Ноги несут меня в нашу улицу, как не юлил я, не бастовал в мыслях, а все же свернул в переулок, который упирается в крылечко каменного магазина под вывеской «Сельмаг». Брезжила думка поначалу — заглянуть к бабушке Настасье, коль так вышло с хлебом, но обхитрили меня ноги, не туда привели. В казенном магазине, слышал я, было в старое время «торговое заведение справного мужика-торговца». Было да сплыло… Ах, лучше бы к бабушке Настасье пошел. Она примет. Ну спросит, как мать-отец, «чё делают, чё робят», а потом творожными шаньгами с чаем накормит. У бабушки чисто и уютно. Широкая кровать с блестящими шариками, на розовом покрывале гора подушек и подушечек под тюлевой занавеской-накидкой. И все стены в горнице обвешаны карточками в резных рамках, где все больше фотографий старшины-танкиста дяди Пети. Он служит после войны на сверхсрочной в Германии и в отпуск приезжает с большими чемоданами, полными германских подарков. Но что сказать бабушке, зачем пришел? На патефоне поиграть? Патефон крутится по праздникам, когда у бабушки собирается родня, мы бываем всей семьей. Конфетами угоститься? Да я уж большой — в школе начал учиться. А карамельками бабушка угощала, когда четырехлетним совершал я к ней путешествия. Знамо, зачем: за конфетами! Нынче-то неловко. Эполеты дяди Пети, что в прошлый приезд в отпуск он подарил мне, на черной рубахе у меня пришиты. Когда в войну играем в конопляных зарослях, надеваю эту рубаху — на зависть ребятне.

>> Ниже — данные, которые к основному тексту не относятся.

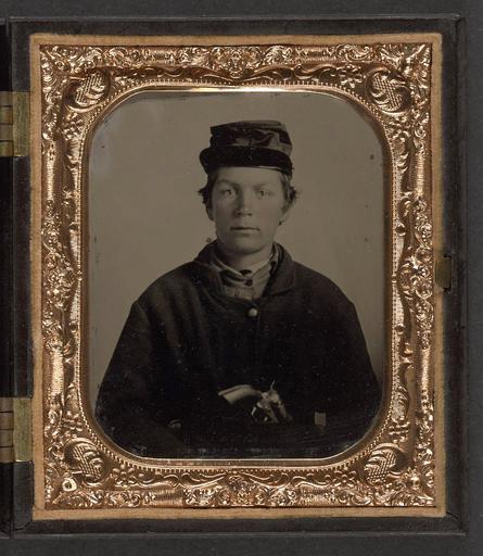 Keywords: library of congress libraryofcongress dc:identifier=http://hdl.loc.gov/loc.pnp/ppmsca.26901 dc:identifier=httphdllocgovlocpnpppmsca26901 xmlns:dc=http://purl.org/dc/elements/1.1/ xmlns:dc=httppurlorgdcelements11 u.s. civil war uscivilwar american civil war americancivilwar the civil war thecivilwar civil war civilwar war between the states warbetweenthestates united states of america unitedstatesofamerica u.s.a. usa the union theunion union the north thenorth yankee yankees soldier pistol revolver gun picture frame people photo border [Unidentified young soldier in Union uniform and forage cap with revolver] [between 1861 and 1865] 1 photograph : sixth-plate tintype, hand-colored ; 9.5 x 8.5 cm (case) Notes: Title devised by Library staff. Case: Berg, no. 3-110. Gift; Tom Liljenquist; 2010; (DLC/PP-2010:105). Subjects: United States.--Army--People--1860-1870. Soldiers--Union--1860-1870. Military uniforms--Union--1860-1870. Youth--1860-1870. Handguns--1860-1870. United States--History--Civil War, 1861-1865--Military personnel. Format: Portrait photographs--1860-1870. Tintypes--Hand-colored--1860-1870. Rights Info: No known restrictions on publication. Repository: Library of Congress, Prints and Photographs Division, Washington, D.C. 20540 USA, hdl.loc.gov/loc.pnp/pp.print Part Of: Ambrotype/Tintype filing series (Library of Congress) (DLC) 2010650518 Liljenquist Family collection (Library of Congress) (DLC) 2010650519 More information about this collection is available at hdl.loc.gov/loc.pnp/pp.lilj Persistent URL: hdl.loc.gov/loc.pnp/ppmsca.26901 Call Number: AMB/TIN no. 2048 [Unidentified young soldier in Union uniform and forage cap with revolver] [between 1861 and 1865] 1 photograph : sixth-plate tintype, hand-colored ; 9.5 x 8.5 cm (case) Notes: Title devised by Library staff. Case: Berg, no. 3-110. Gift; Tom Liljenquist; 2010; (DLC/PP-2010:105). Subjects: United States.--Army--People--1860-1870. Soldiers--Union--1860-1870. Military uniforms--Union--1860-1870. Youth--1860-1870. Handguns--1860-1870. United States--History--Civil War, 1861-1865--Military personnel. Format: Portrait photographs--1860-1870. Tintypes--Hand-colored--1860-1870. Rights Info: No known restrictions on publication. Repository: Library of Congress, Prints and Photographs Division, Washington, D.C. 20540 USA, hdl.loc.gov/loc.pnp/pp.print Part Of: Ambrotype/Tintype filing series (Library of Congress) (DLC) 2010650518 Liljenquist Family collection (Library of Congress) (DLC) 2010650519 More information about this collection is available at hdl.loc.gov/loc.pnp/pp.lilj Persistent URL: hdl.loc.gov/loc.pnp/ppmsca.26901 Call Number: AMB/TIN no. 2048 |

Нельзя мне к бабушке Настасье. Но можно к тете Нюсе. Она работает секретарем в сельсовете. Сосновый дом сельсовета рядом с сельмагом — в доме раскулаченных. Платушкиных, Баяновых или Чашковых? Надо у бабушки или у матери спросить.
Поднимаюсь высокими ступенями в сельсовет. Тетя Нюся на печатной машинке стучит, справки какие-то готовит.
— Коля пришел! Ой, мне и угостить тебя нечем. Хочешь покажу, как на машинке печатать?..
Она усаживает меня, освобождая свой стул. Тетя Нюся в хорошем платье, духами пахнет. Иначе, наверно, нельзя, коль работает в таком строгом заведении. Раньше сельсовет был в другом доме и при другом председателе — Потапе Алексеевиче Фадееве. Вот был председатель так председатель: бритый наголо, как нарком какой. Как директор совхоза Шенцов, он имел выездного жеребца и добрую, пахнущую смолой и дегтем, кошеву. Говорили, что и наганом вооружен, но я ни разу не видел. Никто не видел. А нынче председатель новый, молодой, не такой строгий и грозный. Сейчас его нет на месте и тетя Нюся, выходит, здесь полный начальник.
— Попробуй сам напечать что-нибудь…
— А что печатать-то?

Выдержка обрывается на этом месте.